"The negative viewpoint to equity exposure remains a crowded trade," John Stoltzfus, chief market strategist at Oppenheimer, told clients. "We continue to see the glass half full if not more so as accommodative monetary policy, strong corporate balance sheets and persistent (though modest) improvements in housing, mortgage insurance, jobs, and stateside business sentiment tip the scales in favor of a positive outcome beyond the day to day drama currently in the markets."
Market volume surged in the final hour of trading, closing with some 3.3 billion shares changing hands, about an average day. Breadth was solidly negative, with losers beating gainers 3.4 to 1.
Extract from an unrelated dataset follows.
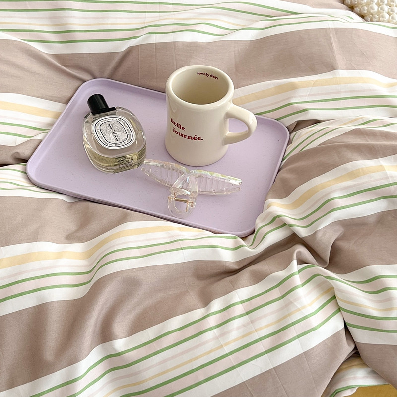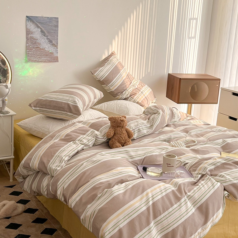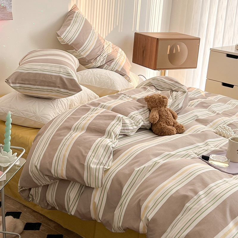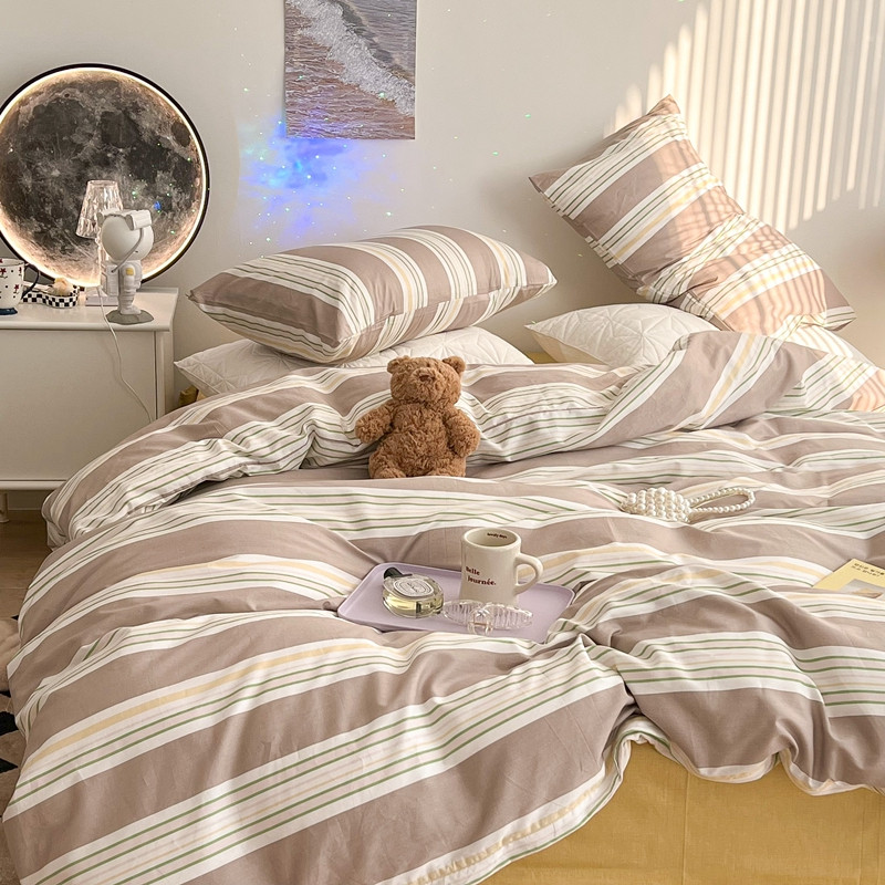 昔可家纺 2022新款13372全棉普通款玛卡龙条纹四件套 浅驼条纹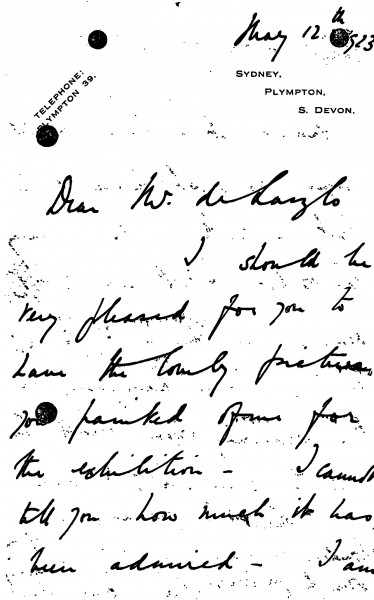 Lady Rose Leveson Gower agrees to lend her portrait [5325] to de László's exhibition (French Gallery, June 1923). Collection/transportation.

European shares closed lower while Spanish borrowing costs rose on Monday. The euro weakened broadly on investor skepticism that the two-day Summit starting Thursday would make any substantial progress, with the crisis now in its third year and engulfing Spain, the region's fourth largest economy.
But Jim O'Neill , chairman at Goldman Sachs Asset Management, told CNBC that investors ought to be more concerned with issues in the U.S. than in Europe. Elevated weekly jobless claims, he said, are showing that the U.S. economy remains fragile.
"Europe doesn't run the world," he said. There are "lots of other issues going on in the world and it doesn't begin and end with Europe."